No Salão do Automóvel de São Paulo de 1974 a GM apresentava duas versões de estudo do Opala cupê. A Las Vegas tinha esse nome pelo estilo de capota, com apenas a metade traseira e as colunas posteriores revestidas em vinil e não todo o teto, como se usava no Gran Luxo. O mesmo padrão de acabamento, em branco, era aplicado ao forro de teto, bancos, console e portas, enquanto painel e volante seguiam o verde-claro da carroceria. O carro tinha ainda grade dianteira e calotas específicas e retrovisor cônico montado no para-lamas. O exemplar único foi todo restaurado e exposto em evento de 2016.

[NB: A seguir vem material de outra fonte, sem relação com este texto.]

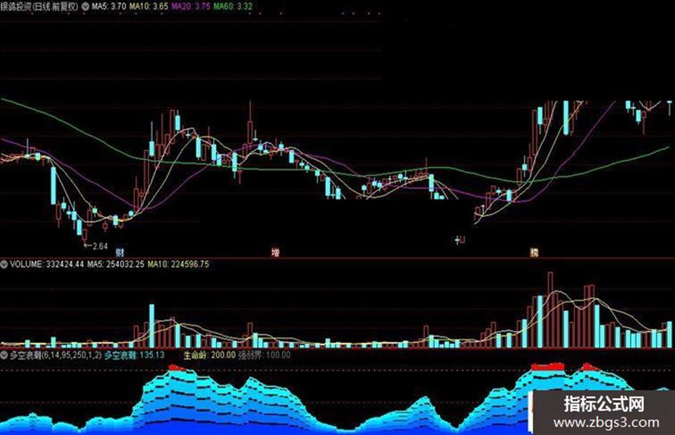 STICKLINE(多空浪潮>200,多空浪潮,200,5,0),COLORRED;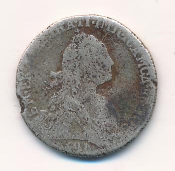 Лицевая сторона — портрет императрицы и надпись «Б М ЕКАТЕРИНА II IМП I САМОД ВСЕРОС», оборотная — обозначение номинала (гривенникъ) и дата. Проба — 750, нормативный вес — 2,37 грамма, гурт — шнур.

Fotos: Thiago Capodanno/VGCOM

 

O outro estudo, conhecido como Opala Águia, era um cupê identificado pelo desenho da ave de rapina no capô. Exibia ainda rodas largas de magnésio, grade exclusiva, faróis protegidos por telas, para-choques em preto e saída de escapamento esportiva. O interior vinha revestido de camurça marrom, incluindo as portas e o console. Não se sabe do paradeiro dessa versão.

 

Houve rumores na imprensa de que no mesmo salão a marca apresentaria a picape Opala, espécie de versão brasileira da El Camino norte-americana. Ao menos um protótipo foi feito e fotografado pela imprensa. Se chegasse à produção, teria sido a primeira picape derivada de automóvel no Brasil, antes da Fiat 147 (1978), mas ela nunca se concretizou. Só há pouco tempo essas fotos do protótipo, feitas pela própria GM, chegaram a público

Fotos: cortesia do MIAU, Museu da Imprensa Automotiva

 

Outro estudo que não ganhou as ruas foi o do Opala hatchback, elaborado no fim dos anos 70 com vistas ao lançamento em 1981. Na época os hatches estavam em voga, tendo a própria GM lançado essa opção para o Chevette em 1980 e no Monza em 1982. A Ford também estudou o formato para uma evolução do Corcel que nunca foi produzida.

O modelo de estilo desse Opala, cujas fotos também ficaram conhecidas há poucos anos, mostrava certa semelhança ao Chevrolet Citation X norte-americano. A terceira porta levava junto o amplo vidro, não havia quebra-ventos nas portas e as maçanetas embutidas previam, de certa forma, as do modelo 1985. Nas janelas traseiras, a curva final lembra a que apareceria em 1982 no Monza. Assim como da picape, não há informações do que foi feito dele.